I have memory lapses. Long ones. Like, had you asked me about my favorite childhood books last week, I’m not sure how many I could have rattled off. Frankly, if you asked me about my favorite childhood books when I was eight years old, I likely wouldn’t have had any titles to give you either. I’d have looked up from whatever book I had my nose in, raised my eyebrows, shook the book at you, and then silently gone back to eating my Snickers bar and reading said book.
So reading these posts this week has been marvelous for me. I’ve remembered so many lovely books. Books that made me laugh, inspired me, fueled my creativity, kept me company. And which I promptly, shamelessly forgot. I’ve tried to get better about remembering why I love. The things, the people. Take my husband, and not in the Henny Youngman way. I always remember how much I love my husband, but every once in while he reminds me in the most unexpected ways.
As almost anyone knows, or could find out, I live in Naples, Florida. It’s a beautiful town.
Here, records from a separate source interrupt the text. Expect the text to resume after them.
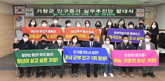 거창군은 작년 경남 군부 인구수 2위라는 성과에 안주하지 않고 더 나은 시책 추진을 위해 지난 3월 인구증가 실무추진단 발대식을 개최하고 성공적인 출발을 다짐했다.
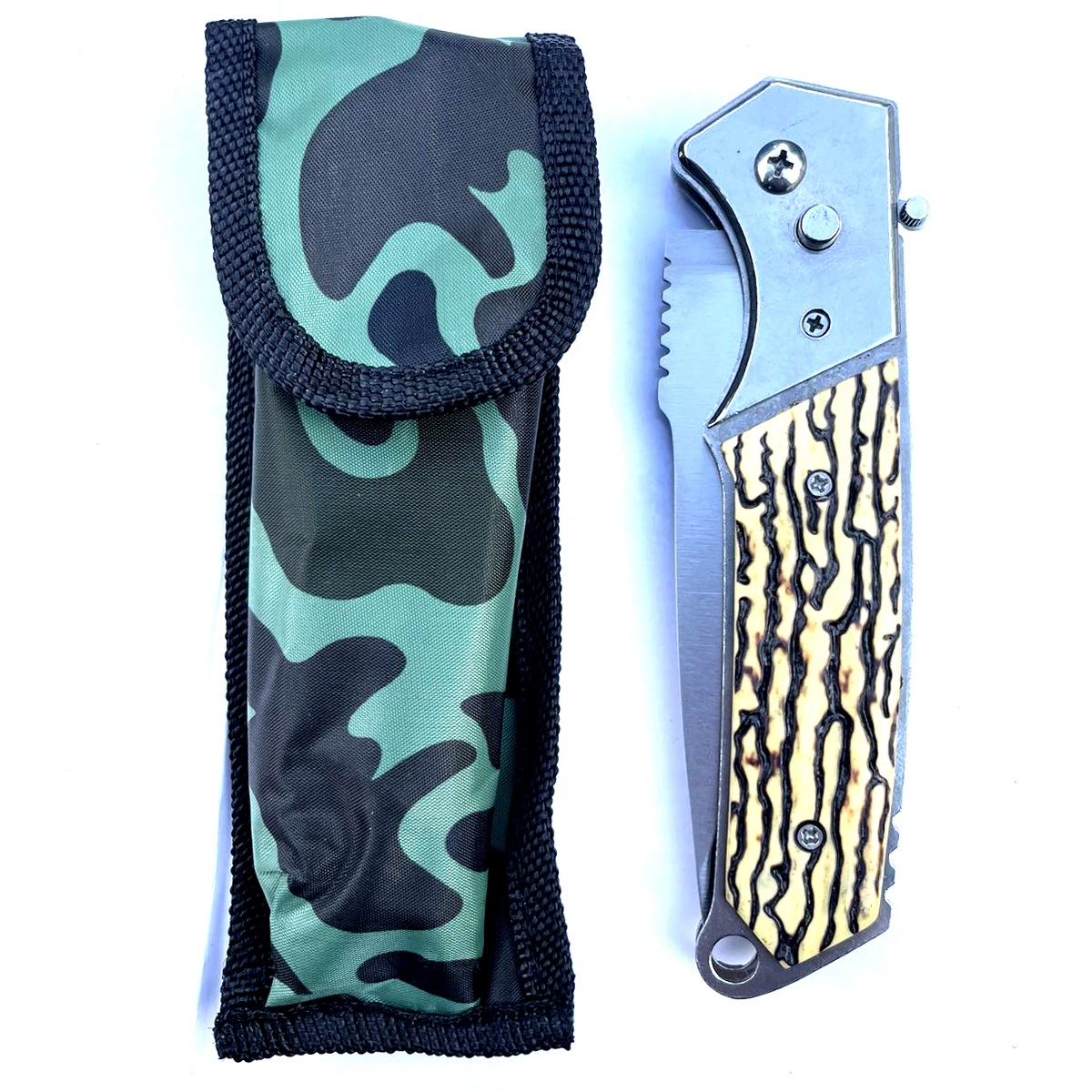 Сгъваем нож с камуфлажен калъф – практичен, здрав и удобен за ежедневно носене
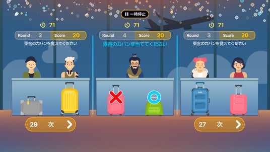 空港職員になってお客様のカバンをお預かりください。カバンの特徴や持ち主の身体的特徴を関連付けて覚え、記憶力や注意力、集中力の向上を目指すトレーニングです。

And it’s a wealthy town, with tons of elderly snowbirds who come down for the “season.” If you live in Naples year-’round, there is inevitably some point during season at which you just lose it. Today was that day for me.
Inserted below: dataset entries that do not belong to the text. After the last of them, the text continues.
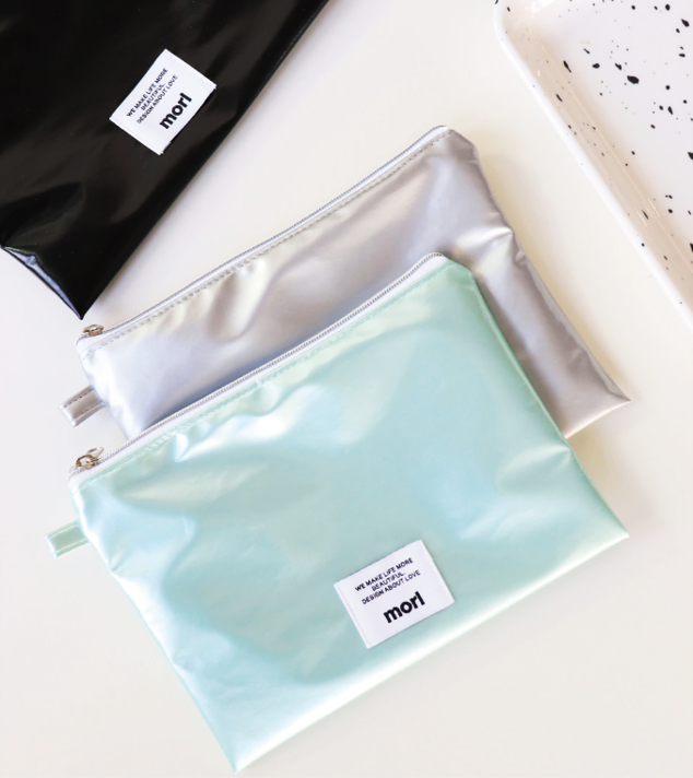 韓国雑貨 フラットポーチ エナメル 光沢 化粧品 小物入れ 収納 Mサイズ 3カラー
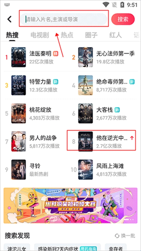 2、会看见很多的近期热搜推荐,如“法医秦明、无心法师第一季、特警力量、绝命毒师、桃花绽放、大客栈、男人的战争、以及他在逆光中”,这里小编选择他在逆光中,作为示例,如果推荐中没有你想要的,在搜索框搜索即可;
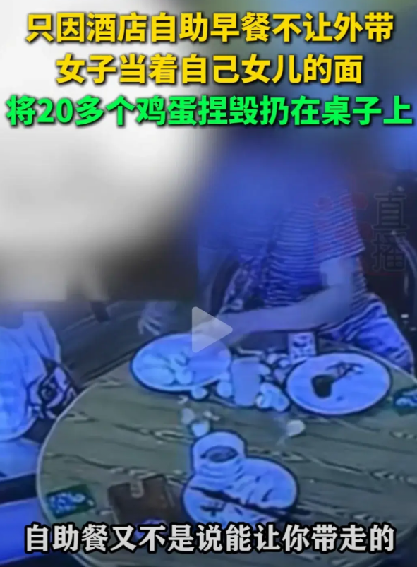 “这是有多蠢呐”,陕西,一女子带孩子吃酒店自助早餐,因服务员不同意外带,便当着孩子的面,将20个鸡蛋播开,捏碎了丢在桌子上扬长而去。
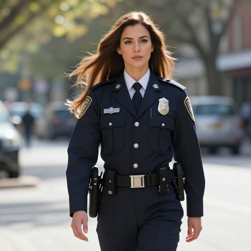 A woman with long, flowing brown hair wearing a crisp police uniform, including a dark blue jacket with a badge on the chest, a white shirt with a tie, and dark trousers. She stands confidently in a city street, sunlight streaming through the trees behind her, with a calm and professional expression. The scene is realistic and detailed, capturing the elegance and authority of a police officer in uniform.
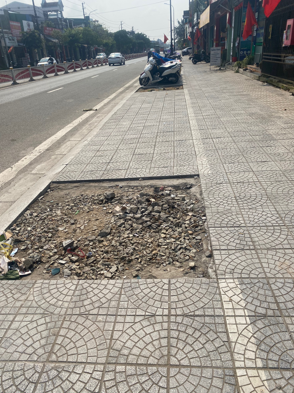 Vỉa hè đoạn Nguyễn Tất Thành, phường Phú Bài hoàn thành đã lâu nhưng những ô trồng cây xanh vẫn còn ngổn ngang đất đá, tài sản của người dân bị để dưới ánh nắng gắt dẫn đến nhanh chóng bị hư hại, phải tự che đậy rất lộn xộn mất mỹ quan đô thị. Thời tiết quá oi bức ban ngày người dân không thể sinh hoạt và buôn bán được. Kiến nghị nhà nước nhanh chóng hoàn thành trồng lại cây xanh để trả bóng mát cho người dân vì đã đến mùa hè.

So, we’re driving home from picking up a bb-q dinner tonight, and I am on a roll. You have a vast array of topics to choose from during lose-it point, some of which include traffic, rudeness, Publix shopping cart/deli wars, crowded restaurants, and snobbery. After a brief visit to an art gallery, it was this last topic that occupied me tonight, and the conversation went something like this:
K- ” ‘We summer in Marblehead!‘ Please, I mean, who talks like that? I don’t care! I don’t care who you know, or where your seven houses are, or which car you chose to take tonight, the Mercedes or the Lamborghini. God! I summer. Please.”
D- “Uh huh.”
K- “And can you believe he actually touched the painting?! Who does that? I mean, where were these people raised? Would they go to a museum and touch a painting?”
D- “Uh huh.”
K- “God, I want to get out of this town sometimes. (pause) I miss my books. (Side note: my books, ALL of my books, my many, many beloved books, are packed in boxes and in our attic, because we don’t have room for them all in our sweet little house. The plan is to get a bigger house, so that one day I can have my books, and maybe even a desk. But this likely entails moving out of Naples, because in order for you to get a house over 325 square feet you must have a trust fund. And you probably have to summer somewhere too. So, any rant about the irritants of season inevitably turns to me missing my books.)
D- “I miss my youth.”
K- laughing “At least my books are retrievable.”
D- “I have great hope for liposuction.”
K- laughing harder, unable to form pithy retort
D- “And goat placenta.”
I almost slide onto the floorboards in laughter. He rolls our windows down, turns up The Eagles, and I am reminded again exactly how much I do love this man. I might forget about A Wrinkle In Time, but, you see, my tiny little memory bank is overloaded with memories of the times my husband has made me laugh, at life and at myself.
Besides, there’s always the library.